Case and point, join on a function instead of columns values.
When you ask Spark to join on column values it'll try to break the two data frames to different executors, based on the column values.
In this example it might send the age column values 1-1000 of the men and women data frames to the same executor while sending 1001-2000 of the data frames to a different executor and so on, Thus it'll join chunks of the data frame in parallel on each executor.
However, if Spark cannot tell in advance what are the join values, if the join is on a function, it has to push a copy of the right dataframe to all the executors and merge it as a cartesian multiplication. Not fun.
Consider the following Scala code:
test("join on column vs join on function"){
val men = createPersonDF("M",1000000)
val women = createPersonDF("F",1000000)
var startTs = System.currentTimeMillis()
// this taked ~3 seconds on my computer
var resultA = men.join(women,Seq("age")).collect
println(s"join col ${System.currentTimeMillis()-startTs}")
startTs = System.currentTimeMillis()
val eqUDF = udf((a:Long,b:Long)=>fn.eq(a,b))
// this similar join will take about 20 minutes!
val resultB = men.join(women,eqUDF(men.col("age"),women.col("age"))).collect()
println(s"join function ${System.currentTimeMillis()-startTs}")
}
def createPersonDF(gender:String, n : Int) = {
sqlContext.createDataFrame(sc.parallelize(Range(1, n)

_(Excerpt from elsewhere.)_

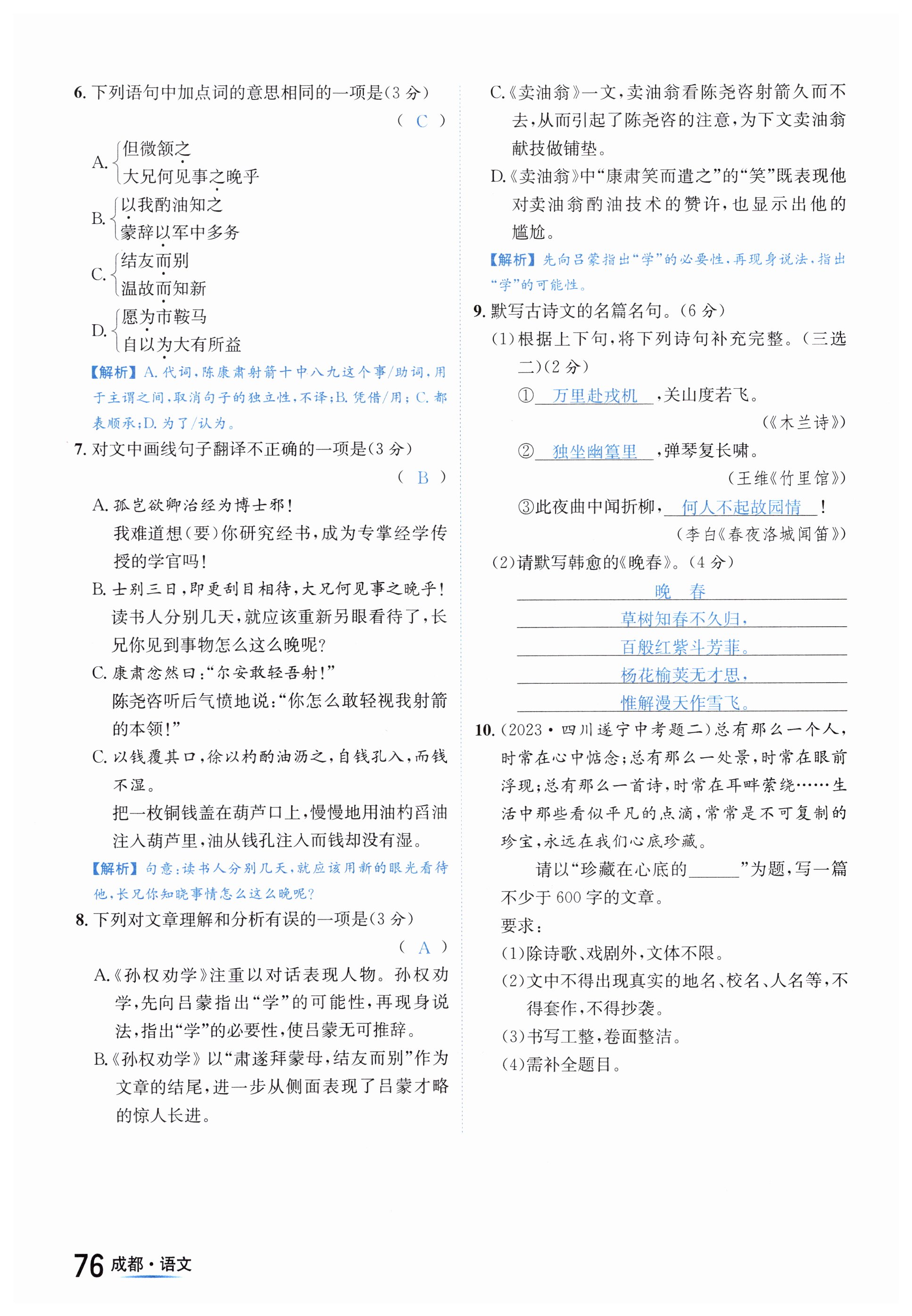 注:目前有些书本章节名称可能整理的还不是很完善,但都是按照顺序排列的,请同学们按照顺序仔细查找。练习册 2024年国华考试中考总动员语文成都专版 答案主要是用来给同学们做完题方便对答案用的,请勿直接抄袭。

.map(x => Person("X" + x, x, gender))))
}
}
case class Person(name :String,age : Long, sex : String)
object fn {
def eq(a :Long, b:Long) = a==b
}
How bad is this?
On my dev computer (Mac pro, I7, 16GB) the first join took about 3 seconds while the other took about 20 minutes.
You can not always join on column values, sometimes there is a complex relationship between the data frames that requires a different approach.
In these cases you should look for a specific solution, perhaps, if one table is small you can use it as a lookup table, if both data frames are of similar structure you may want to union them and then iterate on the result data frame to produce a similar effect.